Department of Cardiology, Xuanwu Hospital, Capital Medical University, National Clinical Research Centre for Geriatric Diseases, Beijing 100053, China.
Department of Occupational and Environmental Health, School of Public Health, China Medical University, No. 77 Puhe Road, Shenyang 110122, China.
Metabolism. 2020 Jun;107:154231. doi: 10.1016/j.metabol.2020.154231. Epub 2020 Apr 13.
The mechanism of pyruvate kinase M2 (PKM2)-mediated inflammatory signalling in macrophages when plaques rupture and the impact of hyperglycaemia on the signalling are unclear. The present study aimed to explore the impact of hyperglycaemia on PKM2-mediated NOD-like receptor family pyrin domain containing 3 (NLRP3) inflammasome/stress granule signalling in macrophages and its correlation with plaque vulnerability in vivo and in vitro.
From July to December 2019, 80 patients with coronary heart disease (CHD) were divided into acute ST-segment elevation myocardial infarction (STEMI) (n = 57) (DM-STEMI, n = 21; non-DM-STEMI, n = 36) and stable CHD (SCHD) groups (n = 23). Circulating mononuclear cells were isolated. The value of peak troponin I (TnI), the Global Registry of Acute Coronary Events (GRACE) risk score, and the expression levels of the related markers were quantified and compared. In vitro studies on the THP-1 cells were also performed.

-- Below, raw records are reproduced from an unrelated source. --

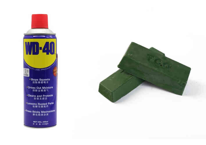 海綿吸水后,將銹跡擦拭干凈,在海綿上倒99蠟,再反復擦拭,最后用棉布擦拭干凈。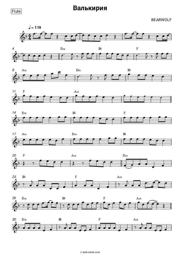 Валькирия - BEARWOLF Flute Sheet Music - Flute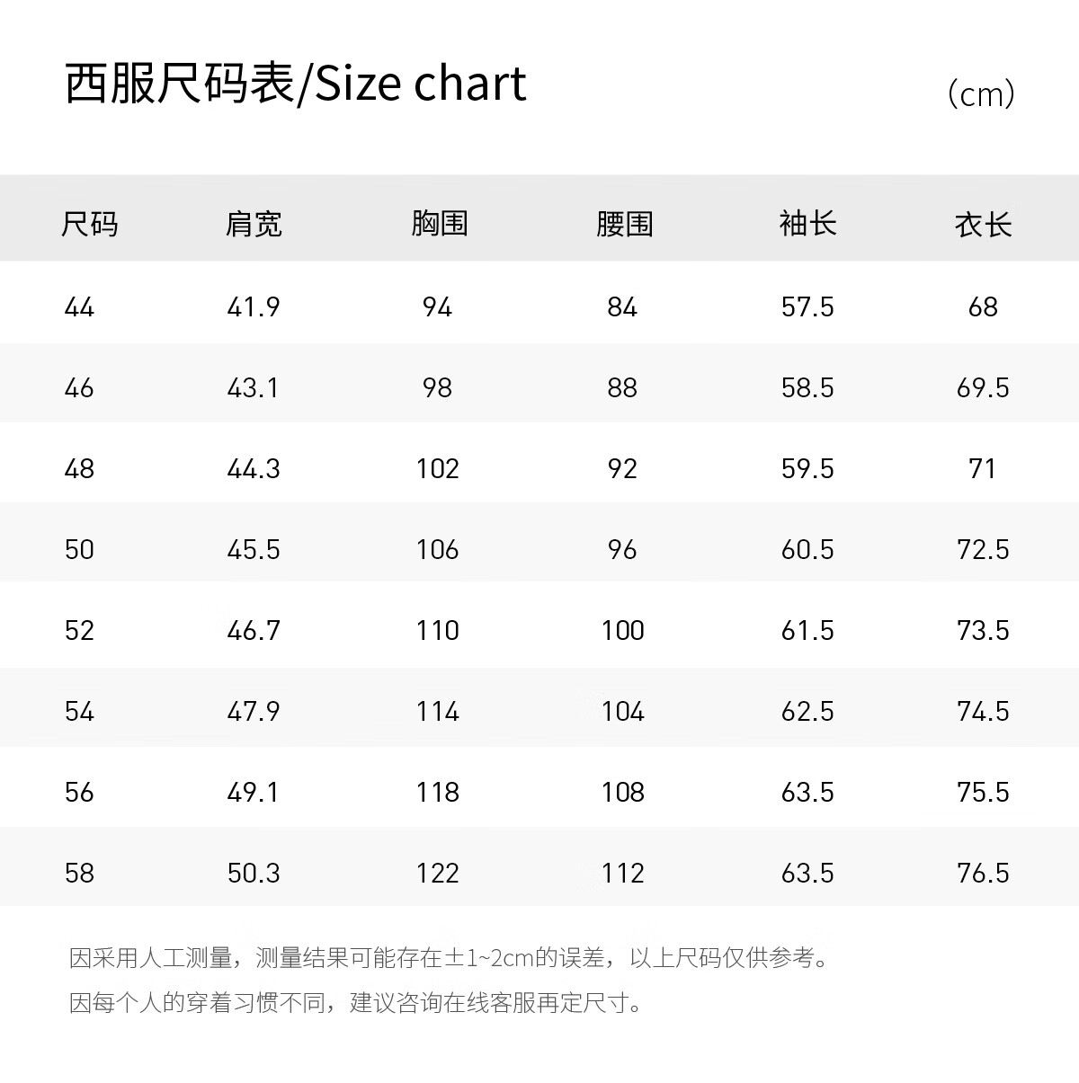 China (cm) 165 / 88-90 170 / 96-98 175 / 108-110 180 / 118-122 185 / 126-130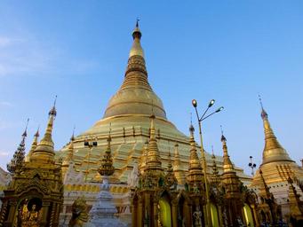Keywords: architecture asia bâtiment birman birmanie buddhist burma golden myanmar pagodas rangoon rangoun shwedagon sky stupa temple www.wbayer.com wwwwbayercom building roof outdoor tower La pagode est située à 2 km du centre ville de Yangon, au n°1, Shwedagon Pagoda Road. Elle repose sur une plate-forme pavée de marbre de 5,6 hectares, au sommet de la colline de Singuttara, à 51 m au-dessus de la ville. Elle domine l'horizon. On y accède par des escaliers et des ascenseurs situés aux quatre points cardinaux. Deux chinthes (lions mythiques) monumentaux gardent l'entrée sud ; ils ont été offerts par roi Tharrawaddy lors de sa visite en 18418. La pagode principale se trouve au milieu d'un vaste complexe de 72 autres pagodes, pagodons, salles de prières, tazaungs, pyatthats9 et autres édifices religieux à l'architecture typiquement birmane, ainsi que de très nombreuses statues de bouddhas et de nats. Le stûpa atteint la hauteur de 98 mètres. Sa base est faite de briques recouvertes de milliers de plaques d'or. Elle est entourée d'une forêt de 64 petits pagodons10 qui forment une petite enceinte avec 4 temples plus grands situés aux points cardinaux. Sur la flèche se trouve une sorte d'ombrelle, appelée le hti en birman où sont accrochées 1065 clochettes d'or et 420 clochettes d'argent11, ainsi qu'une girouette ornée de pierres précieuses. Elle se termine par le seinbu, une petite sphère d'or incrustée de milliers de diamants12 dont une émeraude13 de 76 carats. La pagode est située à 2 km du centre ville de Yangon, au n°1, Shwedagon Pagoda Road. Elle repose sur une plate-forme pavée de marbre de 5,6 hectares, au sommet de la colline de Singuttara, à 51 m au-dessus de la ville. Elle domine l'horizon. On y accède par des escaliers et des ascenseurs situés aux quatre points cardinaux. Deux chinthes (lions mythiques) monumentaux gardent l'entrée sud ; ils ont été offerts par roi Tharrawaddy lors de sa visite en 18418. La pagode principale se trouve au milieu d'un vaste complexe de 72 autres pagodes, pagodons, salles de prières, tazaungs, pyatthats9 et autres édifices religieux à l'architecture typiquement birmane, ainsi que de très nombreuses statues de bouddhas et de nats. Le stûpa atteint la hauteur de 98 mètres. Sa base est faite de briques recouvertes de milliers de plaques d'or. Elle est entourée d'une forêt de 64 petits pagodons10 qui forment une petite enceinte avec 4 temples plus grands situés aux points cardinaux. Sur la flèche se trouve une sorte d'ombrelle, appelée le hti en birman où sont accrochées 1065 clochettes d'or et 420 clochettes d'argent11, ainsi qu'une girouette ornée de pierres précieuses. Elle se termine par le seinbu, une petite sphère d'or incrustée de milliers de diamants12 dont une émeraude13 de 76 carats. |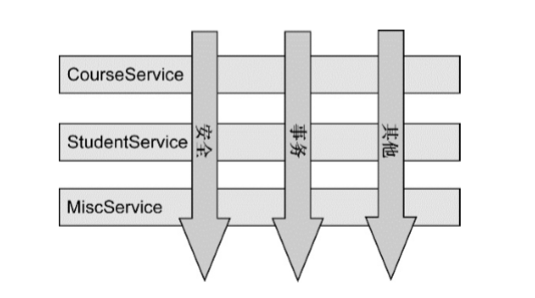 切面能够帮助我们模块化横切关注点,横切关注点可以被描述为影响应用多处的功能,下图直观的呈现了横切关注点的概念。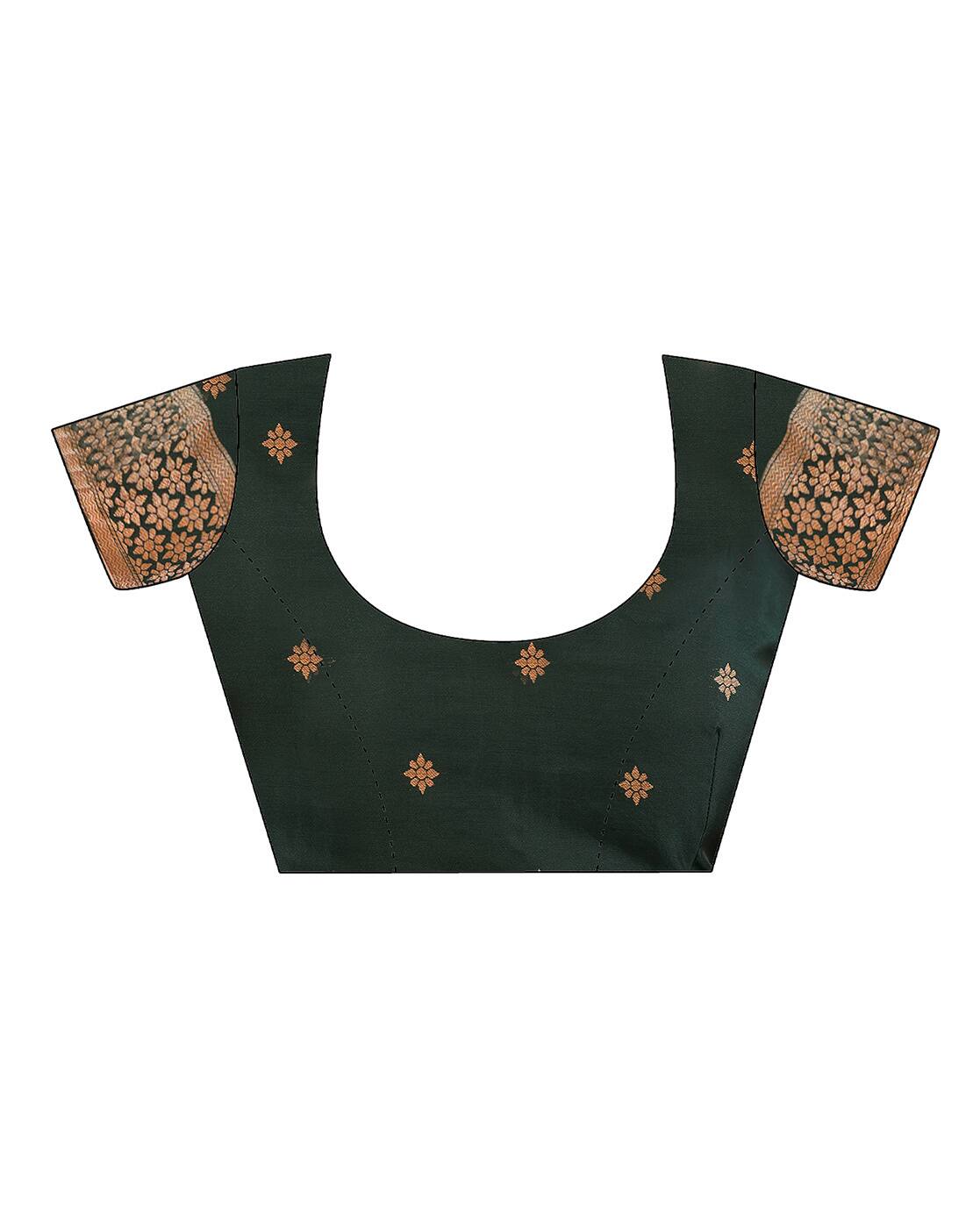 The last image shows the blouse piece included with this saree. The model is wearing a stitched blouse for reference.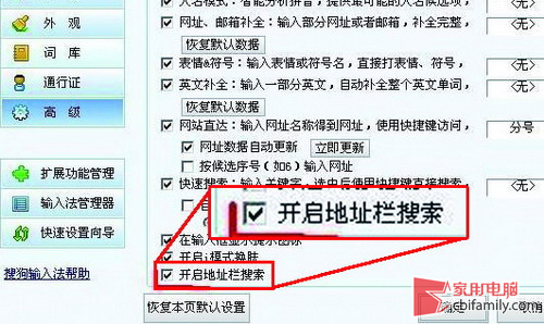 要解决其实并不难,打开搜狗输入法的设置,选择高级选项,然后将下拉条拉至最底端,把开启地址栏搜索的勾去掉,点确定即可。然后退出,再使用360将搜狗搜索插件清除后重启即可。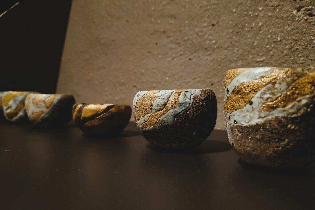 手びねりで土を積み重ね、焼けた肌を剥がし磨く独自の技法によって生み出される作品は、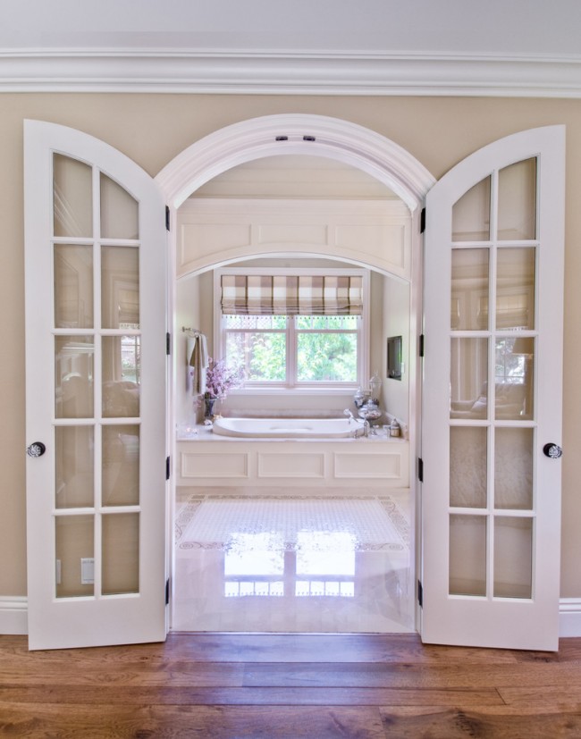 - на недостатки композиции, которые нуждаются в исправлении и вполне могут быть скорректированы посредством грамотно выбранной конструкции. Так, изделия светлых оттенков разделяют с окружением собственное сияние, разбавляя «мрак», царящий в помещении. Модели классических межкомнатных дверей, оснащённые рельсами, помогают экономить площадь;

The DM-STEMI group had a higher value of peak TnI and a higher GRACE risk score than the non-DM-STEMI group (p < 0.05). The highest expression levels of PKM2, NLRP3, interleukin (IL)-1β, and IL-18 and the lowest expression level of GTPase activating protein (SH3 domain)-binding protein 1 (G3BP1) (a stress granule marker protein) were observed in the DM-STEMI group, and they were followed by the non-DM-STEMI group and the SCHD group (p < 0.05). In vitro studies showed similar results and that TEPP-46 (a PKM2 activator) and 2-deoxy-d-glucose (a toxic glucose analogue) reversed the hyperglycaemia-induced increase in the NLRP3 inflammasome and decrease in G3BP1 expression.
Hyperglycaemia might increase the activation of PKM2-mediated NLRP3 inflammasome/stress granule signalling and increase plaque vulnerability, associating it with worse prognosis. PKM2 may be a novel prognostic indicator and a new target for the treatment of patients with CHD and DM.
斑块破裂时,丙酮酸激酶 M2 (PKM2) 介导的巨噬细胞炎症信号转导的机制以及高血糖对信号转导的影响尚不清楚。本研究旨在探讨高血糖对巨噬细胞中 NOD 样受体家族富含吡啶结构域蛋白 3 (NLRP3) 炎性小体/应激颗粒信号转导的影响及其与体内和体外斑块易损性的相关性。
2019 年 7 月至 12 月,80 例冠心病(CHD)患者分为急性 ST 段抬高型心肌梗死(STEMI)组(n=57)(DM-STEMI 组,n=21;非 DM-STEMI 组,n=36)和稳定型 CHD(SCHD)组(n=23)。分离循环单核细胞。定量比较各组患者肌钙蛋白 I 峰值(TnI)、全球急性冠状动脉事件注册(GRACE)风险评分和相关标志物的表达水平。还对 THP-1 细胞进行了体外研究。
DM-STEMI 组患者 TnI 峰值和 GRACE 风险评分均高于非 DM-STEMI 组(p<0.05)。DM-STEMI 组 PKM2、NLRP3、白细胞介素(IL)-1β和 IL-18 的表达水平最高,GTPase 激活蛋白(SH3 结构域)结合蛋白 1(G3BP1)(应激颗粒标记蛋白)的表达水平最低,而非 DM-STEMI 组和 SCHD 组次之(p<0.05)。体外研究结果也相似,并且 PKM2 激活剂 TEPP-46 和毒性葡萄糖类似物 2-脱氧-D-葡萄糖(2-deoxy-d-glucose)可逆转高血糖诱导的 NLRP3 炎性小体激活增加和 G3BP1 表达降低。
高血糖可能会增加 PKM2 介导的 NLRP3 炎性小体/应激颗粒信号转导的激活,增加斑块易损性,与预后不良相关。PKM2 可能是 CHD 和 DM 患者新的预后标志物和治疗靶点。